§ Problem statement: Copy out the listing below exactly, please, and skip any pictures.

§ Working data:
______________________________
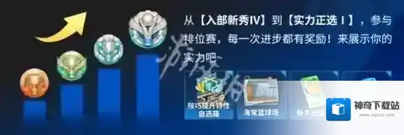 1、从入部新秀IV到实力正选1,参与排位赛,每一次进步都有奖励。
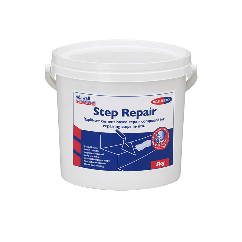 Adawall's Step Repair, a cementitious repair compound designed to repair steps in 30 mins, this is easily workable and can be applied horizontally and vertically. This requires mixing with clean water and can be used internally and externally.
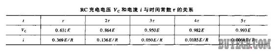 根據(jù)公式計算在不同時間內(nèi)的Vc和i,其結(jié)果見表1。從表中可以看出,r越大充電越慢。當t=3r時,Vc=0.95E;當t=5r時,Vc=0.993E;一般認為當 t=(3-5)r時,電容器上的電荷已被充滿。
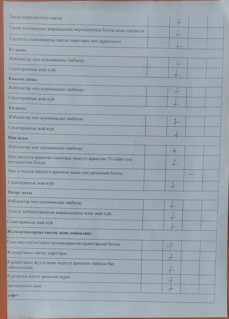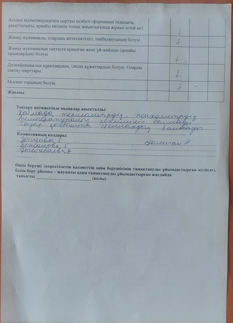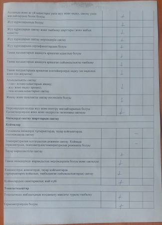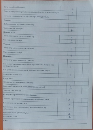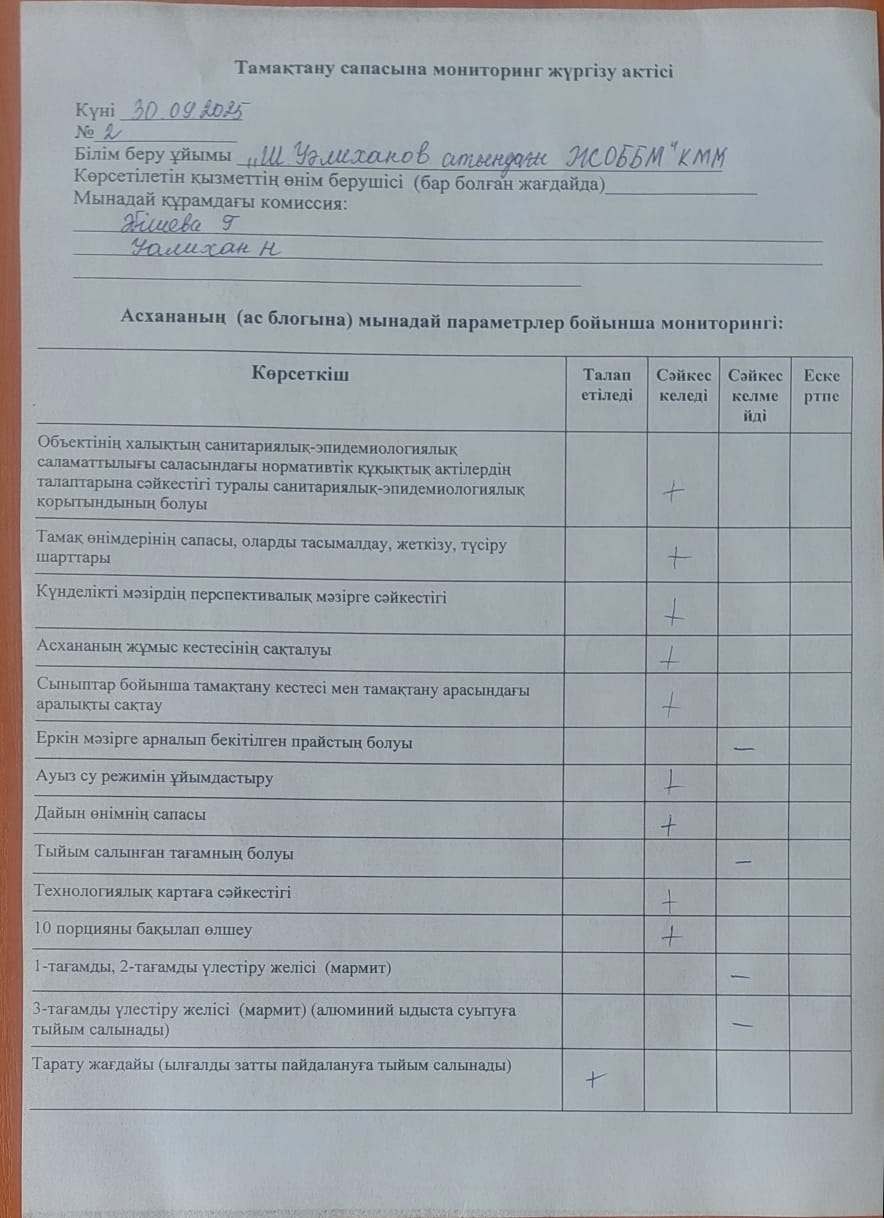 » Тамақтану сапасына мониторинг жүргізу актісі
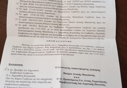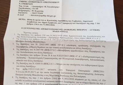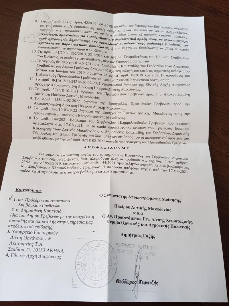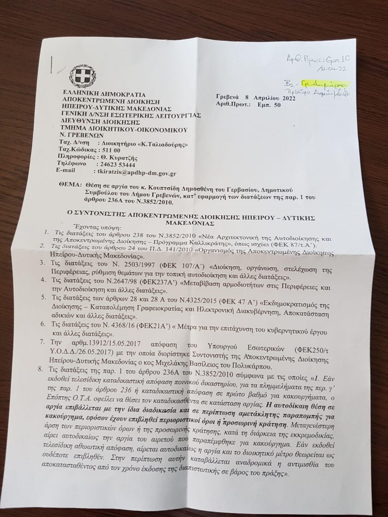 Το έγγραφο του συντονιστή αποκεντρωμένης διοίκησης Ηπείρου-Δυτικής Μακεδονίας που θέτει σε αργία τον Δημοσθένη Κουπτσίδη από το Δημοτικό Συμβούλιο του Δήμου Γρεβενών:
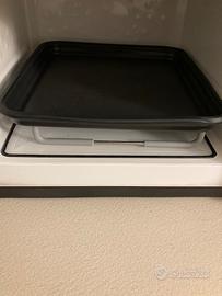 Forno a microonde Whirlpool usato ma pari al nuovo, modello extra space crisp, colore nero, programmi per cibo automatici, programma scongelamento, programma speciale scongelamento pane, piatto crisp quadrato per cottura, pizze, torte, pianificati, eccetera. Dimensioni: larghezza 49 cm, profondità 37 cm, altezza 32 cm
______________________________
§ Answer to the exercise:
 1、从入部新秀IV到实力正选1,参与排位赛,每一次进步都有奖励。
 Adawall's Step Repair, a cementitious repair compound designed to repair steps in 30 mins, this is easily workable and can be applied horizontally and vertically. This requires mixing with clean water and can be used internally and externally.
 根據(jù)公式計算在不同時間內(nèi)的Vc和i,其結(jié)果見表1。從表中可以看出,r越大充電越慢。當t=3r時,Vc=0.95E;當t=5r時,Vc=0.993E;一般認為當 t=(3-5)r時,電容器上的電荷已被充滿。
 » Тамақтану сапасына мониторинг жүргізу актісі
 Το έγγραφο του συντονιστή αποκεντρωμένης διοίκησης Ηπείρου-Δυτικής Μακεδονίας που θέτει σε αργία τον Δημοσθένη Κουπτσίδη από το Δημοτικό Συμβούλιο του Δήμου Γρεβενών:
 Forno a microonde Whirlpool usato ma pari al nuovo, modello extra space crisp, colore nero, programmi per cibo automatici, programma scongelamento, programma speciale scongelamento pane, piatto crisp quadrato per cottura, pizze, torte, pianificati, eccetera. Dimensioni: larghezza 49 cm, profondità 37 cm, altezza 32 cm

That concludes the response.